И что?! Я предупредил, что иду гулять! Я сказал, что вернусь поздно! Чего еще нужно? Ложилась бы спать, ключ все равно у меня.

Лидия Михайловна начала подрагивать. Задубевшие пятки корябнули пол. Мягкий подбородок поплыл, и голубые глаза вышли из берегов. Бабушка плакала.

Я… я… волновалась. Не… не… надо кричать.

Неожиданная истерика разозлила Юру еще больше.

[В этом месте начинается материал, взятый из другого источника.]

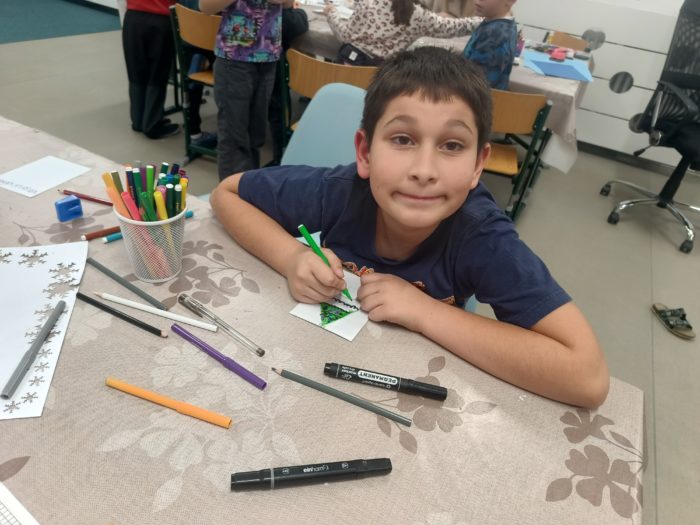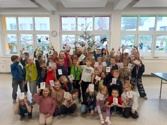 „Děti ze školní družiny vytvořily celkem 144 pohlednic s krásnou vánoční tematikou, které poputují do Domova Korýtko, což je Domov pro seniory a Domov se zvláštním režimem,“ sděluje nám s radostí vedoucí vychovatelka Bc. Hana Haroková.

Ну что такое? Ну шла бы спать — и не надо было бы плакать! Что вообще случилось? Меня что, волки съедят? Я потеряюсь? Заблужусь? Бандиты нападут?!

Старушка тряслась. Под ней дрожал стул, позади возвышенно дрожал буфет, и дрожала крышка от погреба, как если бы на нее запрыгнул кот.

Просто ты… один обо мне… за… за… заботишься. Ты моя отрада. Я так боюсь тебя потерять!

Юрин пыл утих. Он подошел к бабушке и обнял ее. Его лицо оказалось над ее лицом; для этого даже не потребовалось большого мужества, потому что мужество нужно там, где нет любви. Покрасневшее, вздрагивающее, рыхло-морщинистое лицо не вызвало ни брезгливости, ни отвращения. Юра поцеловал влажную дряблую щеку, примяв губами несколько коротеньких белых волосков.

Я тоже тебя люблю. Я очень тебя люблю.

Мокрая полубезумная улыбка озарила Лидию Михайловну.

Ах ты, мой заюшка!

Неприятно пахнущее тело, понемножку испачканное во всех старческих жидкостях, прильнуло к нему. Это не просто не оттолкнуло Юру, но даже не вызвало чувств, которые требуется преодолеть. Он обнимал бабушку честно. Обнимал не как бабушку, а как брата. Согнувшись, он сжимал вцепившуюся в него старушку и слушал, как тяжело, неохотно бьется ее сердце.

Я тебя очень люблю, — сказал Юра. — И злюсь не на тебя, а из-за твоей манеры командовать. Давай договоримся: если я говорю «нет», это значит «нет». Не нужно меня учить. Я ведь не маленький…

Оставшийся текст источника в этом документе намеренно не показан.